Data shown:

**********

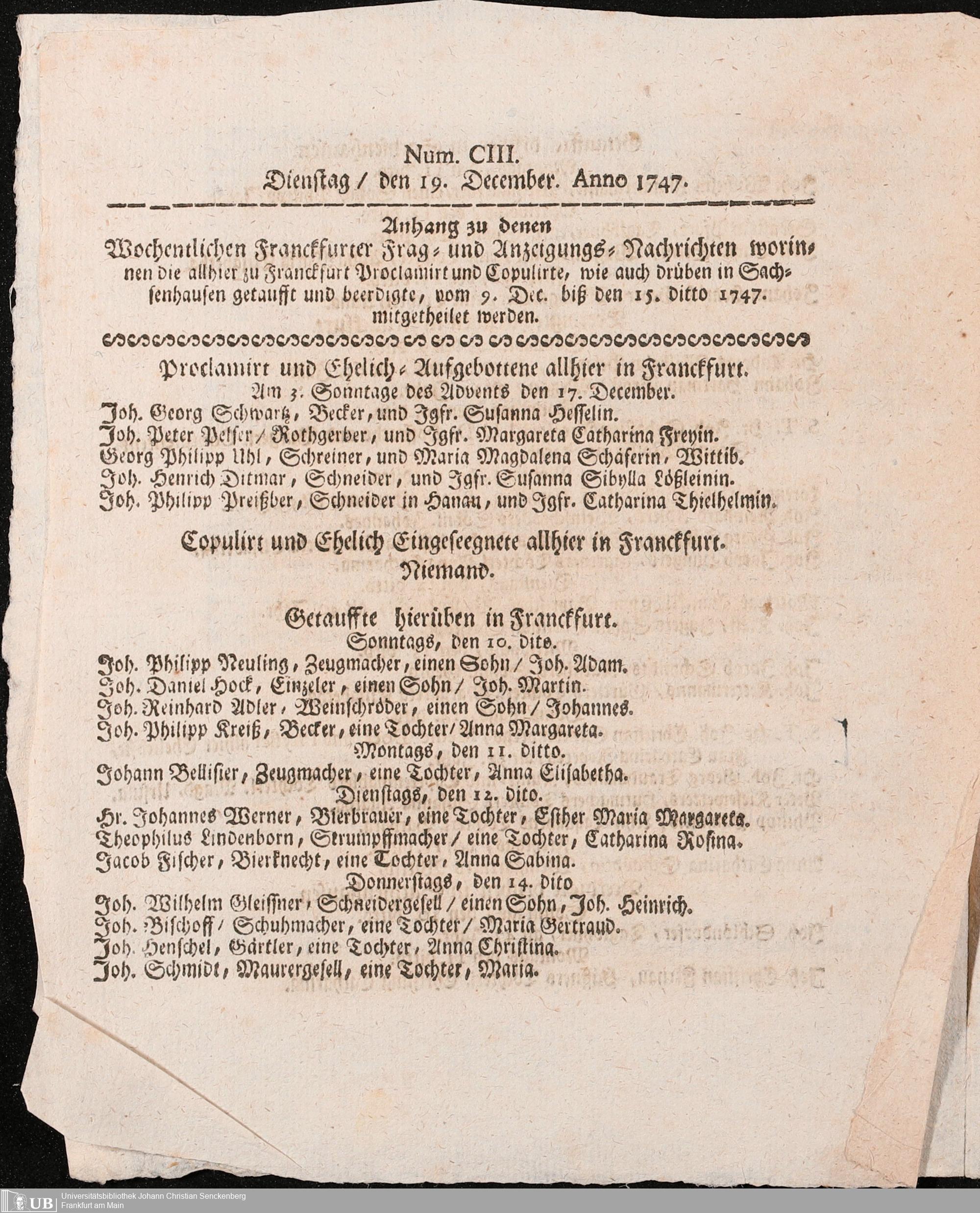 Nachlass Johann Christian Senckenberg
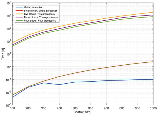 The execution time for the sequential and parallel algorithm codes was obtained using the timeit MATLAB function. Figure 2 compares the execution time of the sequential method with MATLAB’s built-in LU function for different matrix sizes. It can be seen that the execution time of the MATLAB LU function is faster than the sequential code for all array sizes, except for some cases where the matrix size is smaller than 100 × 100 elements. As shown by the trend of the curves in Figure 2, the gap between the MATLAB built-in function and the sequential code remains constant after the matrix size reaches 5000 × 5000. It is also worth noting that the fluctuation in the graphs decreases after the matrix size exceeds 1000 × 1000 in the semi-logarithmic plot.
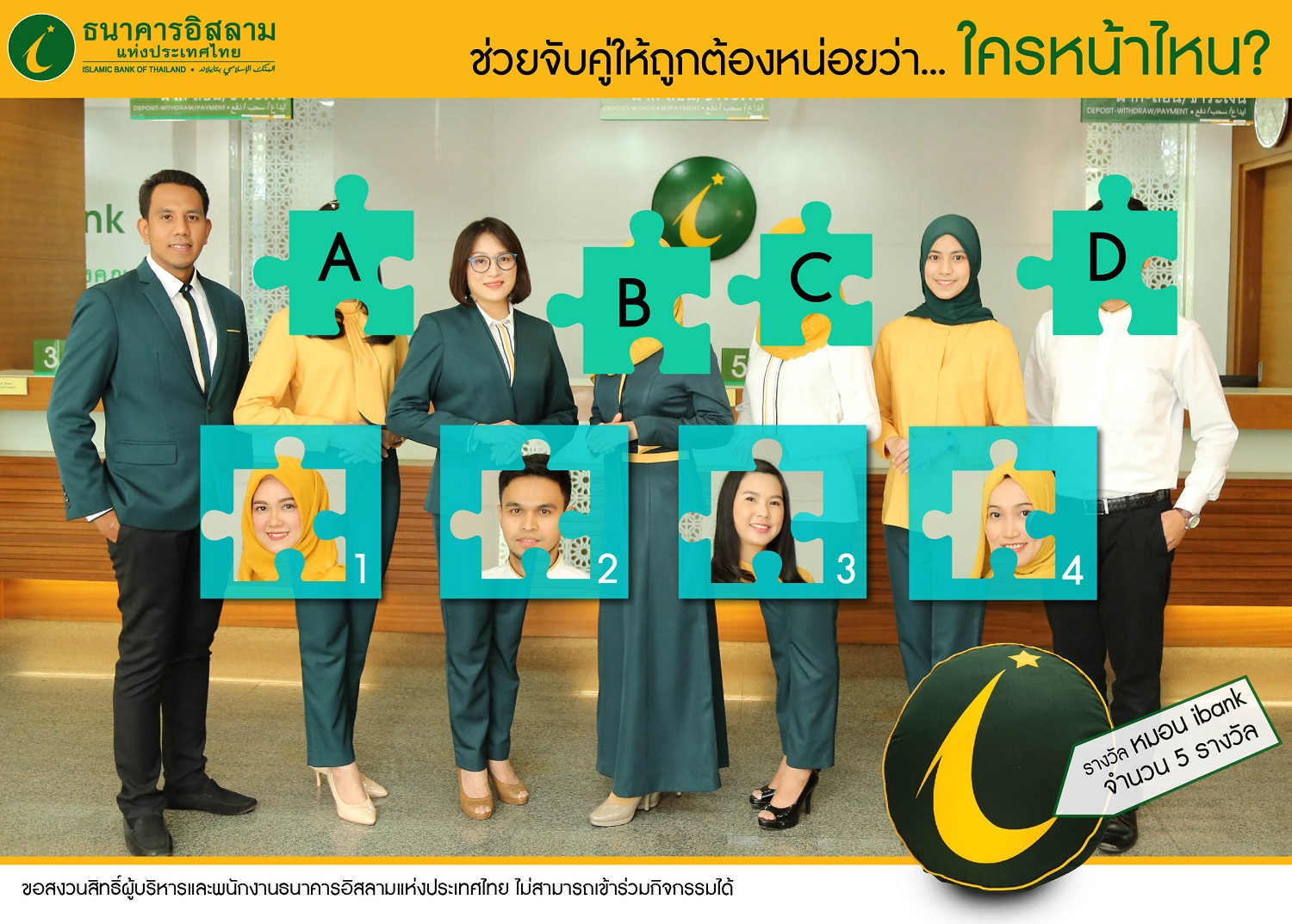 ขอเชิญชวนเพื่อนๆ มาร่วมสนกจับคู่ให้ถูกต้องหน่อยว่า ใครหน้าไหน? แค่ตอบมาว่า ภาพ1 2 3 และ 4 ตรงกับบุคคลใด A B C หรือ D เช่น 1=A/2=B/3=C/4=D แล้วติดแฮซแท็ก #ไอแบงก์ใครๆก็ใช้ได้ ผู้ที่ตอบถูกจะได้รับของที่ระลึกจากธนาคาร จำนวน 5 รางวัล หากมีผู้ตอบถูกมากกว่า 5 ท่าน คณะกรรมการจะใช้วิธีจับสลากหาชื่อผู้ได้รับรางวัล จำนวน 5 ท่าน ขอบอกใบ้ว่าภาพนี้เป็นภาพข่าวที่เราเคยลงข่าวบนเพจ ของเรา ในเดือนกันยายนที่ผ่านมา มาครับ
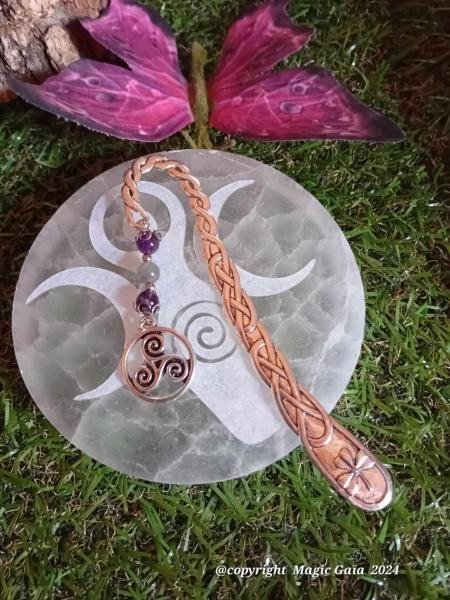 Découvrez les Marque ta page celtes, des marque – pages uniques en pierres qui ajoutent une touche de beauté et d’énergie positive à chaque lecture. Améthyste et labradorite de qualité extra pour les amoureux de la lecture et des pierres.

**********

Print each line of the listing, starting at its first and ending with the line that holds "ขอเชิญชวนเพื่อนๆ มาร่วมสนกจับคู่ให้ถูกต้องหน่อยว่า ใครหน้าไหน?", but skip any pictures.

Solution:
 Nachlass Johann Christian Senckenberg
 The execution time for the sequential and parallel algorithm codes was obtained using the timeit MATLAB function. Figure 2 compares the execution time of the sequential method with MATLAB’s built-in LU function for different matrix sizes. It can be seen that the execution time of the MATLAB LU function is faster than the sequential code for all array sizes, except for some cases where the matrix size is smaller than 100 × 100 elements. As shown by the trend of the curves in Figure 2, the gap between the MATLAB built-in function and the sequential code remains constant after the matrix size reaches 5000 × 5000. It is also worth noting that the fluctuation in the graphs decreases after the matrix size exceeds 1000 × 1000 in the semi-logarithmic plot.
 ขอเชิญชวนเพื่อนๆ มาร่วมสนกจับคู่ให้ถูกต้องหน่อยว่า ใครหน้าไหน? แค่ตอบมาว่า ภาพ1 2 3 และ 4 ตรงกับบุคคลใด A B C หรือ D เช่น 1=A/2=B/3=C/4=D แล้วติดแฮซแท็ก #ไอแบงก์ใครๆก็ใช้ได้ ผู้ที่ตอบถูกจะได้รับของที่ระลึกจากธนาคาร จำนวน 5 รางวัล หากมีผู้ตอบถูกมากกว่า 5 ท่าน คณะกรรมการจะใช้วิธีจับสลากหาชื่อผู้ได้รับรางวัล จำนวน 5 ท่าน ขอบอกใบ้ว่าภาพนี้เป็นภาพข่าวที่เราเคยลงข่าวบนเพจ ของเรา ในเดือนกันยายนที่ผ่านมา มาครับ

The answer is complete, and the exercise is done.